At last! Twenty-four hours after arriving on Hilton Head Island (South Carolina) and having completed the prerequisites to getting settled in, I was able to make my way along the grey cedar boardwalk from the hotel to the broad band of beach on the chilling Atlantic Ocean. As soon as my shoes hit the sand I was reminded of the striking softness of beach colours, taupe wet sand, blue-grey water, white and grey seagulls, all under the massive dome of an endless sky. I had forgotten how marvellous gold looks upon a beach background. Either way I looked, to the left or to the right, the beach was interminable, rounding distant corners beyond which I could no longer see. The vastness of the beach invited me to travel ever further, as far as the large American flag flapping in the distance and still more.
Monday, December 27, 2010
Tuesday, December 21, 2010
The defining characteristic of Canadians at this time of year is survival.

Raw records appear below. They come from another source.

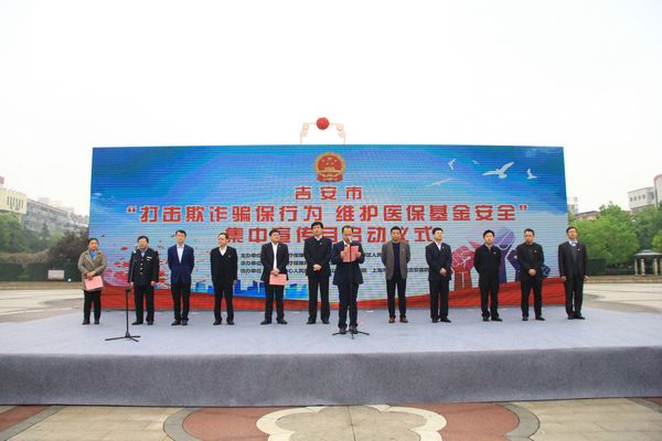 启动仪式上,宣读了《打击欺诈骗保行为,维护医保基金安全倡议书》,定点医疗机构、定点药店代表宣读了承诺书,主席台各领导齐手共同开启了吉安市“打击欺诈骗保行为、维护医保基金安全”活动。启动仪式现场相关机构设置了活动宣传展板和医保政策、医药健康咨询台,现场解答群众疑问,并向群众发放海报和折页等宣传材料。
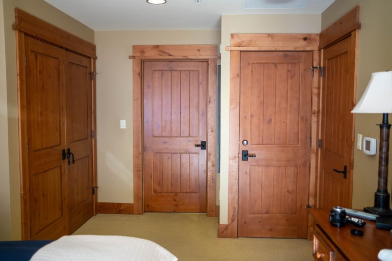 The wooden doors do a lot to give the room a rustic cabin feel, even though it is inside a resort.
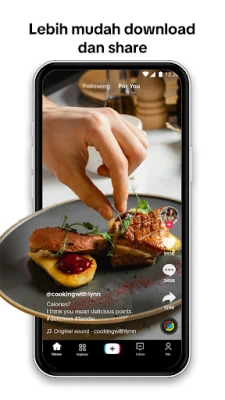 Selami lautan video yang dipersonalisasi, dari konten edukatif hingga hiburan paling viral, semuanya disajikan sesuai minat Anda. Nikmati tontonan bebas gangguan dengan fitur Clear Display yang menyembunyikan elemen layar, bagikan momen favorit dengan mudah hanya dengan sentuhan, atau simpan ke daftar Favorit untuk ditonton kembali kapan saja. Jangan hanya menjadi penonton, wujudkan kreativitas Anda! Abadikan dan edit momen spesial menggunakan koleksi efek, filter, dan musik terbaru yang intuitif. Fitur Duet memungkinkan Anda berinteraksi langsung dengan video lain, sementara penggunaan hashtag dan penandaan teman akan memperluas jangkauan kreasi Anda ke komunitas yang lebih luas.
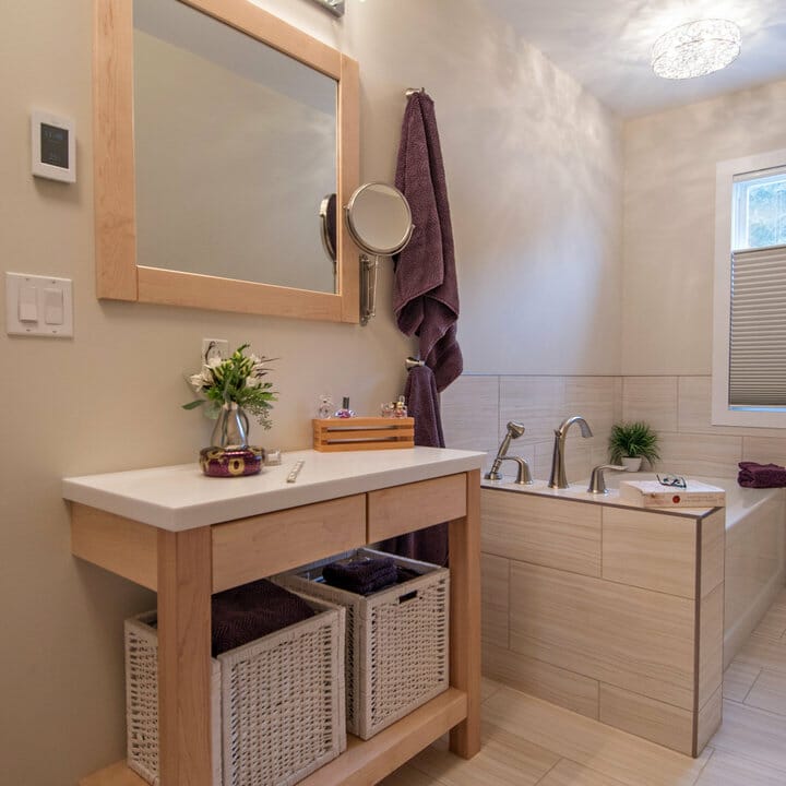 As for the traditional look, you can try investing in a wooden vanity. You can also use shiplap wood paneling to cover the ceiling.

Never mind the bright Christmas lights and tinselled trees; this is an undisguised hostile environment. Everything currently conspires against us, the snow, the darkness, the cold, the damp air, the slush and the general mess of the surroundings. It is only the most enthusiastic of our number who contemplate doing anything out-of-doors. The prospect is forbidding, best reserved for those who insist upon taking their constitutional whatever the circumstances “on Christmas Day or Doomsday”. The rest of us keep an eye upon the calendar and measure the days with greater acuity than an alienated J. Alfred Prufrock with his coffee spoons. We know only too well that today marks the Winter Solstice, and that means that things can only get better.
Sunday, December 19, 2010
On a certain level adherence to one’s instincts is almost pathological, smacking as it does of compulsive behaviour and irrationality. It’s as though instinct were a substitute for thinking, not exactly what all that education we’ve had has taught us to do. On the other hand I have yet to meet anyone who dismisses the value of acting upon one’s gut reactions even though at times the practice is elevated to the extreme of psychic analysis (“voices from the past” and that sort of thing). Barring however telepathy and clairvoyance, I have increasingly come to view intuitive behaviour as the best guide, by far more shrewd, insightful and discerning than the alternative (rational deduction). This may at first appear to be an irresponsible vote in favour of impulse but this is to ignore the depth of the morass in which so-called natural feelings operate. Instinct is after all the instantaneous culmination of years of experience, often hard won on the battlefield not in the classroom. To suggest otherwise is the equivalent of saying that it is the key which makes a car run. Certainly a key when properly positioned sets things in motion, but it is all that other stuff behind the dashboard and under the hood which make it happen. Likewise a well-practiced intuition motivates the deeper behavioural decisions. Let’s face it if you start by heading in the wrong direction, you’re done. That’s what instinct does - it gets you going in the right direction, even if you don’t know why at the time or even if it takes longer to prove itself correct. It is for that reason as well that one must train oneself to trust one’s instincts because often there is nothing other than that trust to sustain the validity of one’s hunch.
Friday, December 10, 2010
About this time of year things progress fairly rapidly I find. Initially, in the first few days of December, we gradually adjust to the advent of winter weather, an enforced adjustment which becomes more persistent with each passing day. However it is not long before we’re convinced that winter really has arrived and that it is safe to begin counting the days to either the Winter Solstice or Spring, whichever helps.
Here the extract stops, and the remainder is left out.